Search code examples
pythonscipylinear-algebramatrix-factorization

Gettings nans on using lu factorization for solving singular square matrix?


I have singular matrix A(10*10) which is rank deficient(rank=9) and I have vector b which is in range space of A. Now I am interested in some solution to Ax=b. For concreteness here is my A

array([[ 0.        ,  0.        ,  0.        ,  0.86826141,  0.        ,
             0.        ,  0.88788426,  0.        ,  0.4089203 ,  0.88134901],
           [ 0.        ,  0.        ,  0.46416372,  0.        ,  0.        ,
             0.        ,  0.        ,  0.        ,  0.        ,  0.        ],
           [ 0.        ,  0.        ,  0.        ,  0.        ,  0.31303966,
             0.        ,  0.        ,  0.        ,  0.        ,  0.        ],
           [ 0.        ,  0.        ,  0.        ,  0.        ,  0.        ,
             0.        ,  0.3155742 ,  0.        ,  0.64059294,  0.        ],
           [ 0.        ,  0.        ,  0.        ,  0.        ,  0.51349938,
             0.        ,  0.        ,  0.        ,  0.53593509,  0.        ],
           [ 0.        ,  0.01252787,  0.        ,  0.6870415 ,  0.        ,
             0.        ,  0.        ,  0.        ,  0.        ,  0.        ],
           [ 0.        ,  0.        ,  0.        ,  0.        ,  0.        ,
             0.        ,  0.        ,  0.        ,  0.        ,  0.        ],
           [ 0.        ,  0.        ,  0.        ,  0.16643105,  0.        ,
             0.        ,  0.        ,  0.        ,  0.        ,  0.        ],
           [ 0.08626592,  0.        ,  0.        ,  0.        ,  0.        ,
             0.        ,  0.        ,  0.        ,  0.        ,  0.66939531],
           [ 0.43694586,  0.        ,  0.        ,  0.        ,  0.        ,
             0.95941661,  0.        ,  0.52936733,  0.79687149,  0.81463887]])

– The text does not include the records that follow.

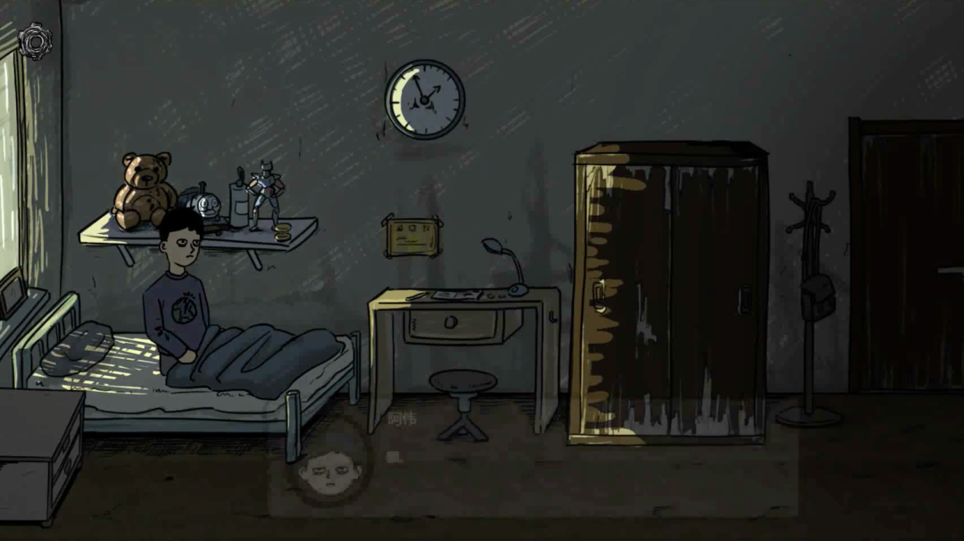 在這些作品中,給我留下最深印象的是《筒樓異事》。它是一個非常風格化的2D解謎遊戲,整個故事的場景發生在一棟破舊的筒子樓裏,一個叫作阿偉的少年從自己房間的牀上醒來,發現房間裏站着一個黑色的怪人。黑色的怪人嘰裏咕嚕説着難懂的話,阿偉依稀聽到一些線索,拿起房間裏的手電筒走出門去,在門外又遇到了黑色的怪人,然後——阿偉又一次從牀上醒來,為了解開夢中的謎題而在自己居住的筒子樓裏探索……
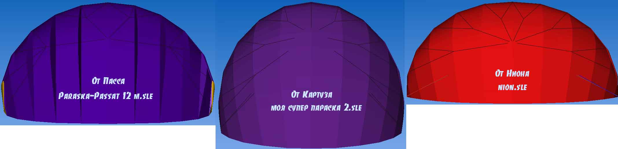 Добавление рибов-плоскостей при стандартной арочности мало что дает, у параски и так уши-шайбы огромны, до 25% площади в них. Расстроповка по плоскости дает искажения формы купола, что хорошо видно по ТЕ. Отсюда вывод - не стоит нагружать стандартную параску элементами, которые в основном меняют купол в нерасчетную сторону без особого выигрыша по качеству кайта.
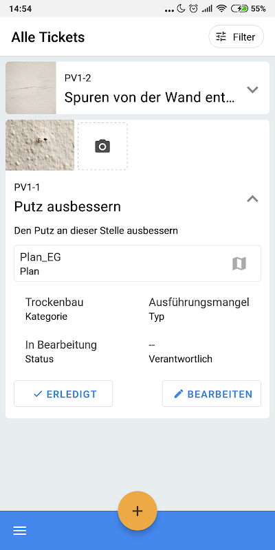• Mängel und Aufgaben nach Gewerken, Erstellungsdatum und mehr filtern
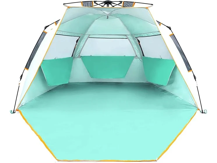 Ongebruikt, volledig, ok. WolfWise Easy Up strandtent voor 4-5 personen, UPF 50+, onmiddellijke beschutting, luifel, buitensportparaplu, zonnescherm tent met verlengde veranda met ritssluiting, draagbaar, groen, B0BPX1ZSFH
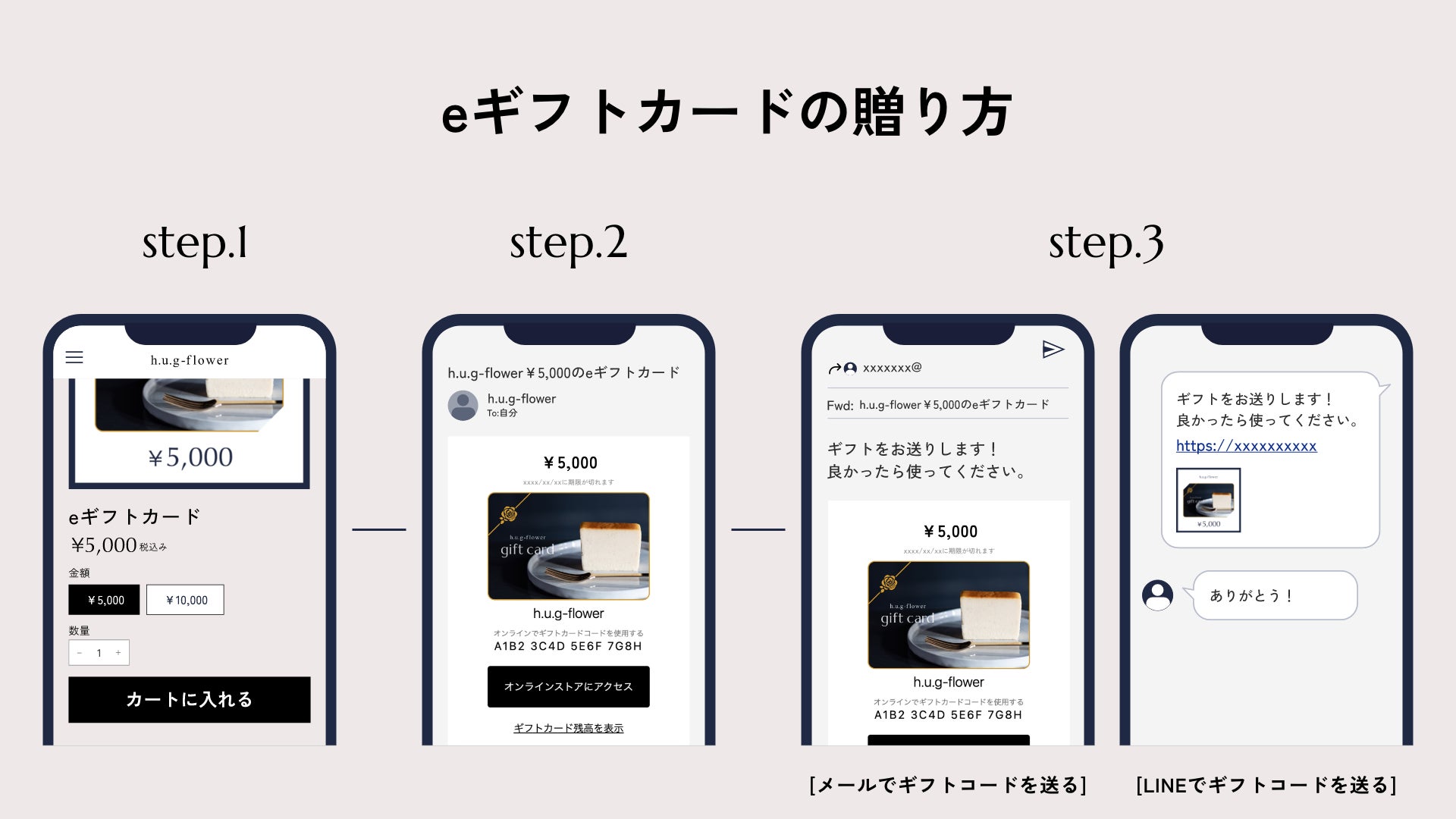 h.u.g-flowerのeギフトカード:https://hug-flower.and-and.co.jp/products/gift-card
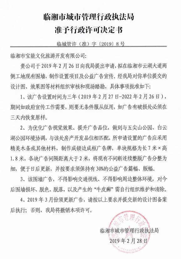 临湘市宝能文化旅游开发有限公司办理户外广告设置
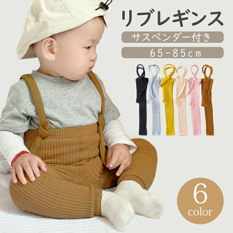 ベビー レギンス スパッツ 赤ちゃん サスペンダー サロペット ベビー服 キッズ ストラップ タイツ 80 女の子 男の子 可愛い おしゃれ パンツ リブ 90 95 100
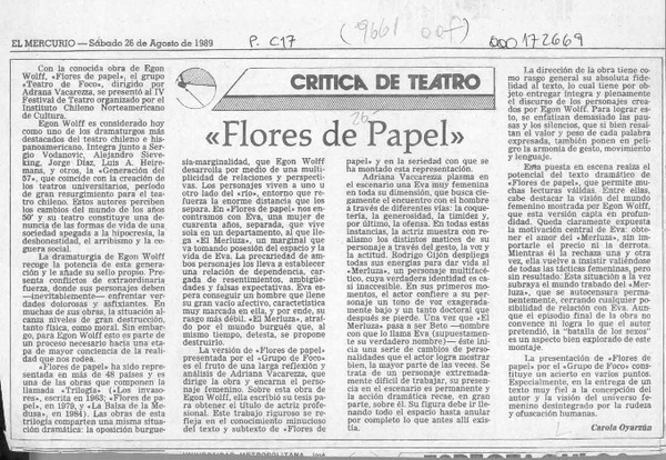 Autores chilenos - Wolff, Egon - Flores de Papel
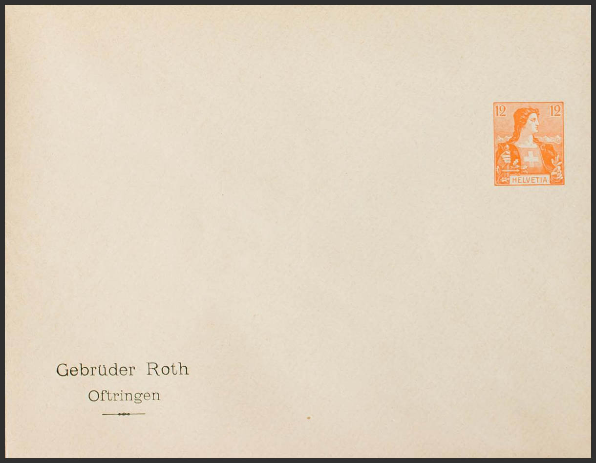 (★)1907. 12 cts amarillo naranja sobre Entero Postal Privado GEBRÜDER ROTH. MAGNIFICO.
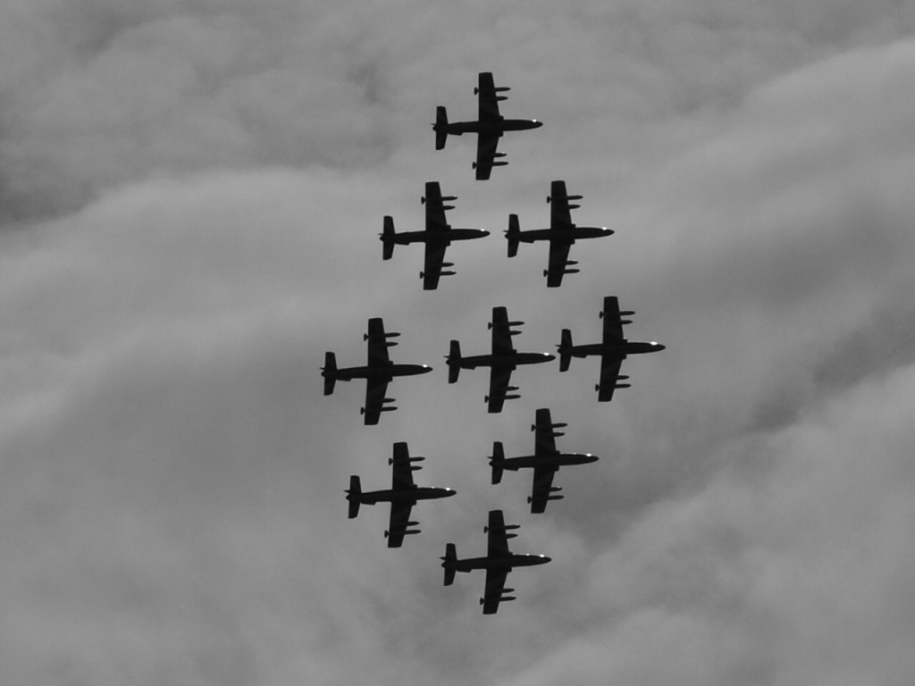 Secondo me ruotando il tutto di 90° in senso antiorario la composizione guadagna di dinamismo. A parte questa che può essere una considerazione soggettiva ti dico che manca un po' nitidezza che ti sarebbe facile dare aggiungendo un po' di maschera di contrasto. Secondo me anche rendere il cielo un po' più drammatico può aggiungere valore oltre a far spiccare meglio i velivoli. Ti allego una mia versione per farti capire meglio Smile
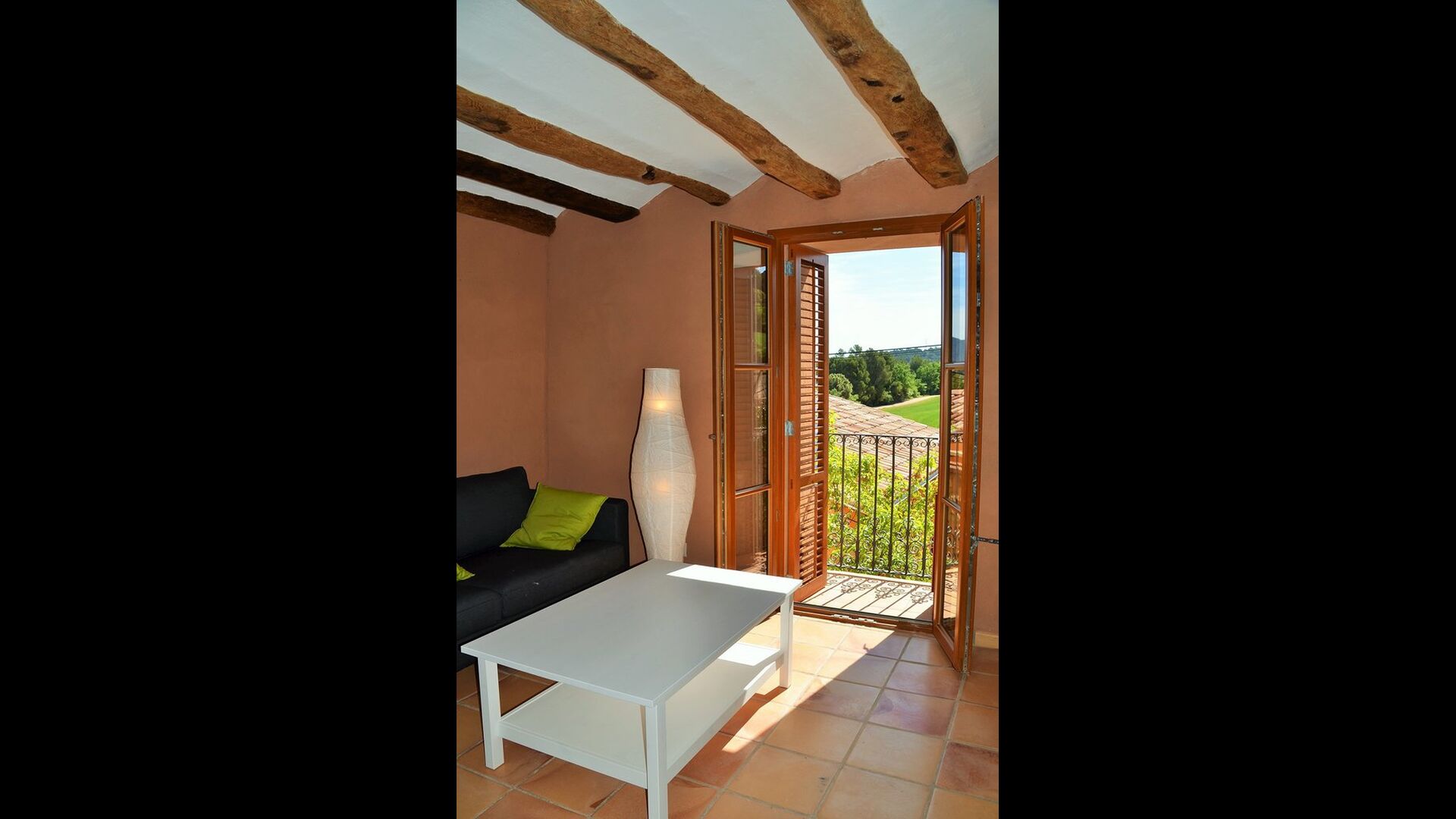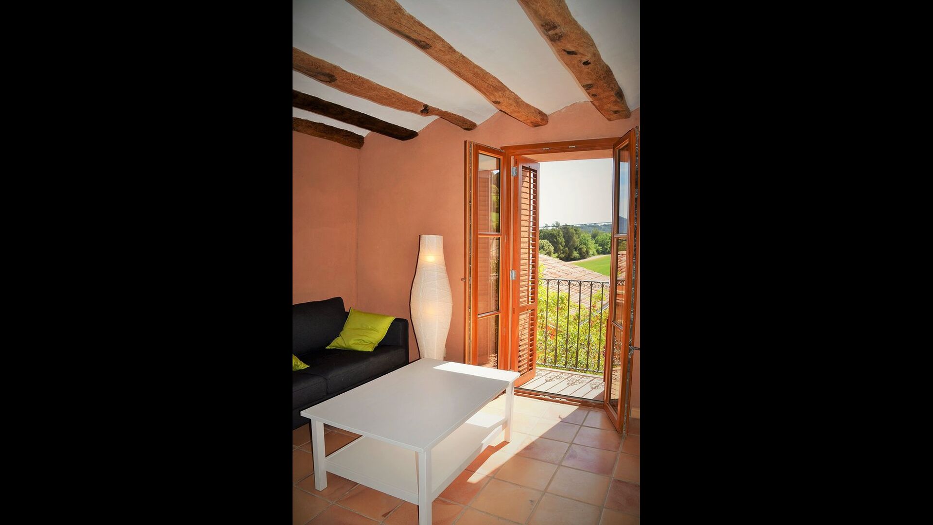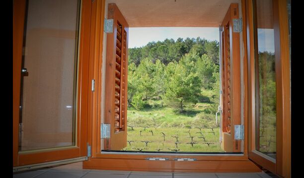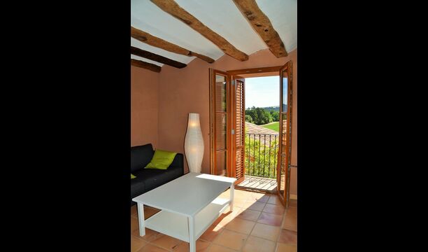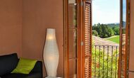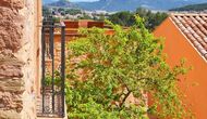 The “Salvie” has a similar layout with two bedrooms, bathroom, a common room with kitchen, dining area and sofa corner and French balcony with view to the courtyard. As the house is situated on a sliding hill, this unit’s terrace is situated directly on the mountain, with view to the vinyards.

b is generated using A.dot(np.ones(10)). Now I wanted to solve this using lu factorization and for that I did this following

lu_fac=scipy.linalg.lu_factor(X)
scipy.linalg.lu_solve(lu_fac,b)

Which gives

array([ nan,  nan,  nan,  nan,  nan,  nan,  nan,  nan,  nan,  nan])

Also lu_factor seems to be working fine in this case(some time it does give run time warning saying "Diagonal number %d is exactly zero. Singular matrix"). For completeness here is the code for verifying PLU from lu_factor is same as A :

L=np.tril(lu_fac[0])
np.fill_diagonal(L,1)
U=np.triu(lu_fac[0])
perm=np.arange(10)
ipiv=lu_factor[1]
for i in range(10):
  temp=perm[i]
  perm[i]=perm[ipiv[i]]
  perm[ipiv[i]]=temp
np.allclose(X[perm,:],L.dot(U))

Now I know my matrix is singular and there are infinitely many solutions to my problem. But I am interested in any solution and I am just confused why lu factorization fails, can't it set free variables to 0 and find some solution as we are taught? Also what is the deal with the run time warning "Diagonal number %d is exactly zero. Singular matrix". Note I am not interested in svd/qr approach to solve this, I am just curious to know why lu fails for singular matrices. Any suggestions are greatly appreciated. Thanks.


Solution

  • 0 / lu_fac[0][9, 9]
    

    returns nan because that entry - the last diagonal entry of U, is zero. So this nan becomes the value of the 9-th variable. Then it's substituted in the equations above, and naturally, the rest comes out as nan, too. SciPy's LU code, or rather the Fortran code it wraps, is not designed for rank-deficient matrices, so it is not going to make up values for the variables that can't be determined.

    Also what is the deal with the run time warning "Diagonal number %d is exactly zero. Singular matrix".

    The warning is clear: the algorithm detected a singular matrix, which is not expected. It also tells you that the implementation is not intended for use with singular matrices.

    have vector b which is in range space of A

    That's theoretically. In practice, one can't be sure about anything being in the range space of a rank-deficient matrix because of the errors inherent in the floating point arithmetics. You can compute b = A.dot(...) and then try to solve Ax=b, and there won't be a solution because of the errors introduced when manipulating floating point numbers.

    By the way: you mentioned that PLU factorization exists for every square matrix, but SciPy is not necessarily designed to compute it. For example,

    scipy.linalg.lu_factor(np.array([[0, 1], [0, 0]]))
    

    returns a matrix with NaNs. In your case, NaN appear later, when attempting to find a solution and encountering a zero diagonal element of factor U.